→ **DATASET EXTRACT**:
↓

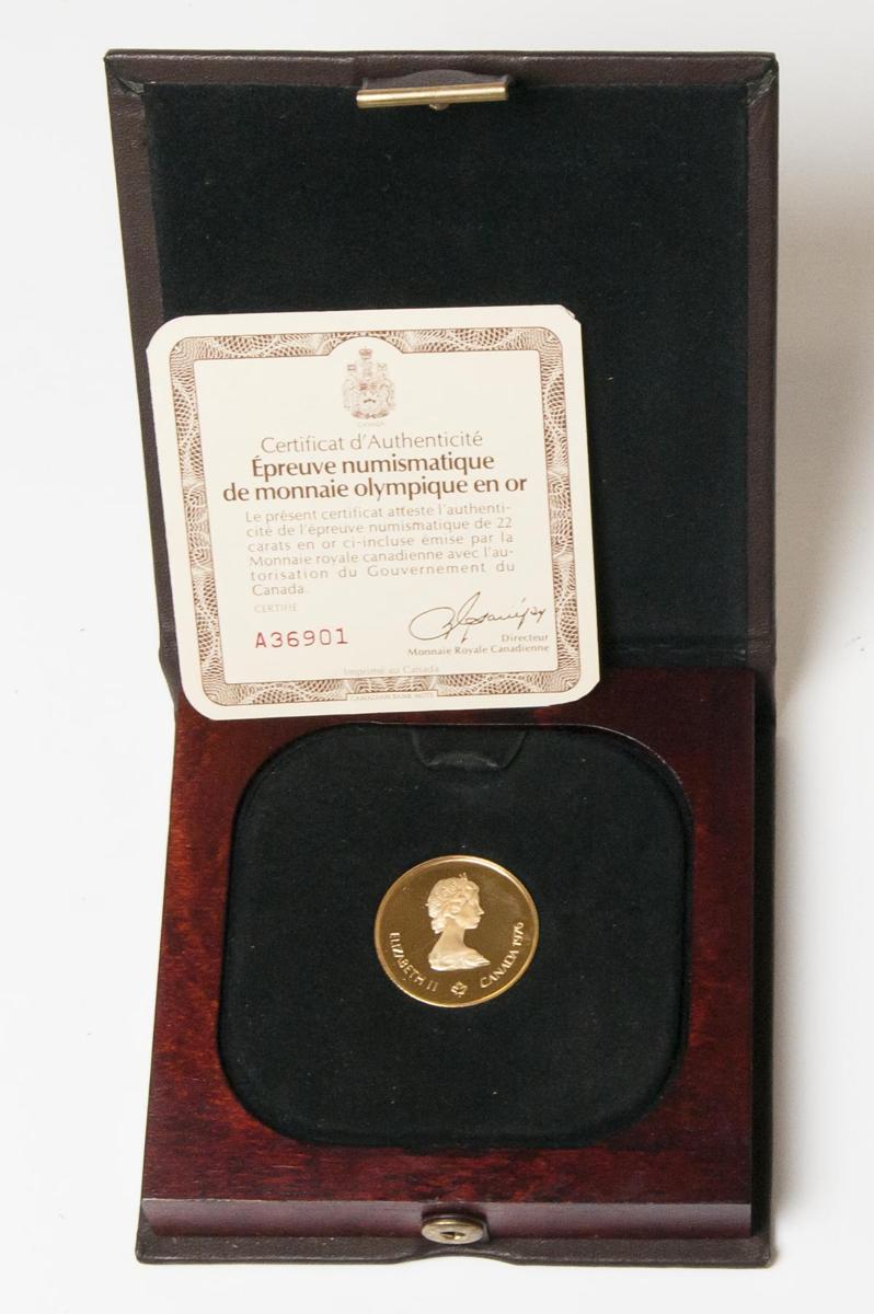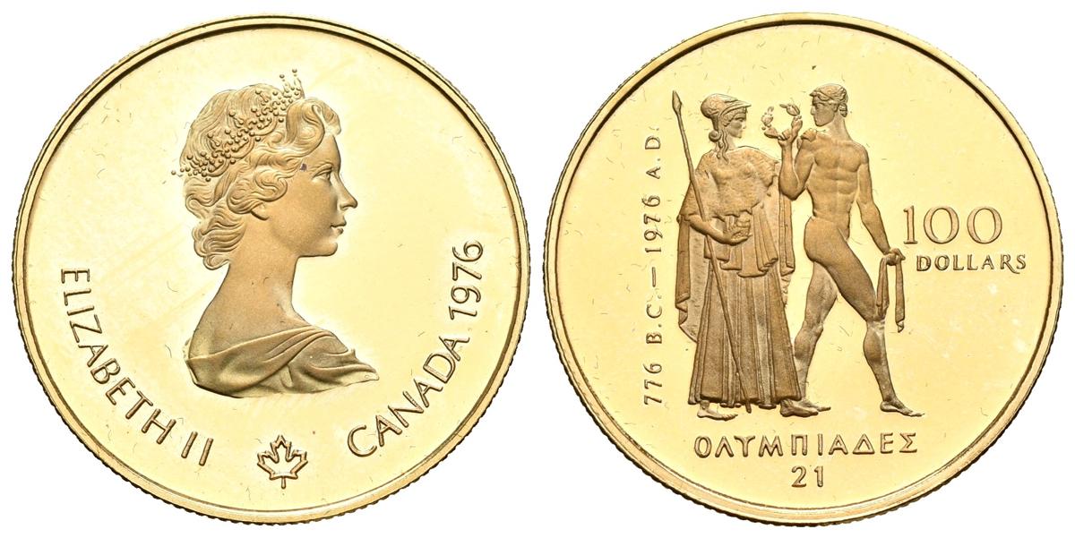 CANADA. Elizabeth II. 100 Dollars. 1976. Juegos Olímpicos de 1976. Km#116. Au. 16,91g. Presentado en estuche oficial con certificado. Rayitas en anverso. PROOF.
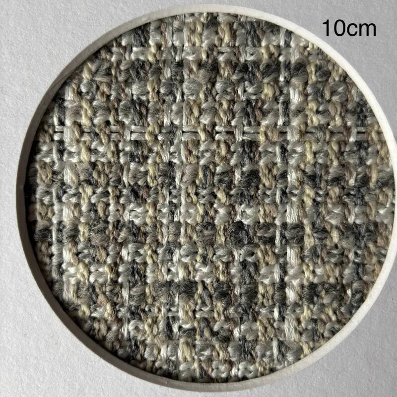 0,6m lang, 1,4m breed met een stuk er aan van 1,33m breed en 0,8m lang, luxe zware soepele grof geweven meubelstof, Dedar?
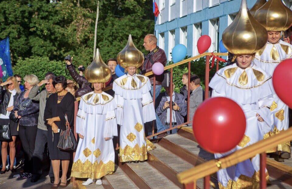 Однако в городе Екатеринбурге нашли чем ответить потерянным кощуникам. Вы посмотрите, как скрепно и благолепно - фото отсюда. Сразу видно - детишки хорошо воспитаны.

↑
↓

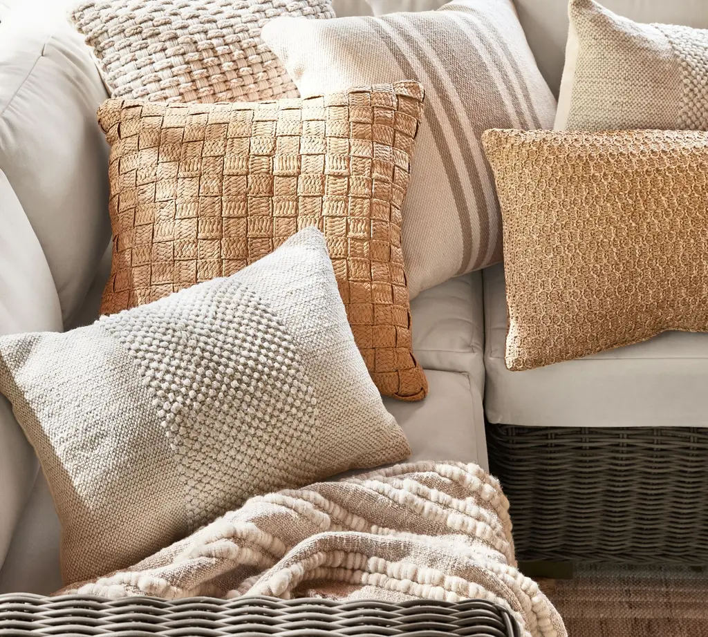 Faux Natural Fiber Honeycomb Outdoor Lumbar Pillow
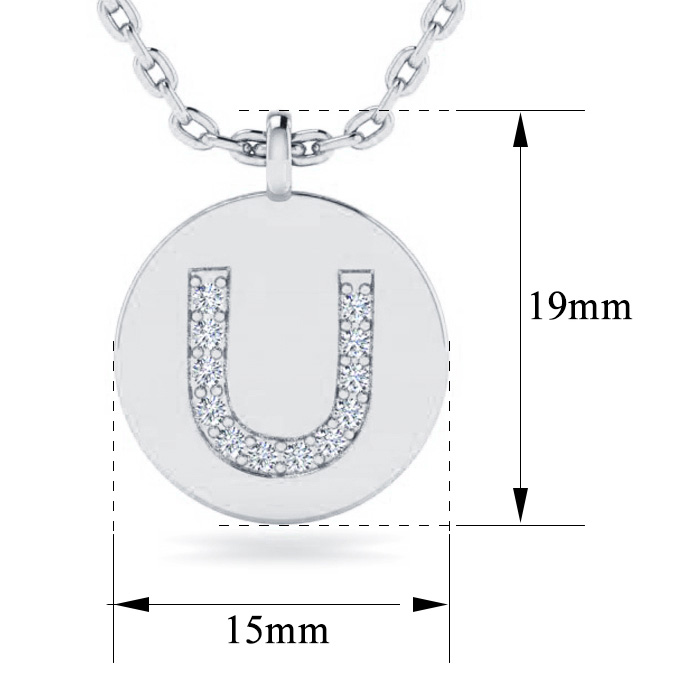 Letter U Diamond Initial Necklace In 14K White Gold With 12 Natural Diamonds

↑

What belongs in the answer is each line above from the line with "Faux Natural Fiber" to the line with "Letter U Diamond", inclusive, reproduced exactly and free of pictures.

→ **SOLUTION FOR THIS EXERCISE**:
 Faux Natural Fiber Honeycomb Outdoor Lumbar Pillow
 Letter U Diamond Initial Necklace In 14K White Gold With 12 Natural Diamonds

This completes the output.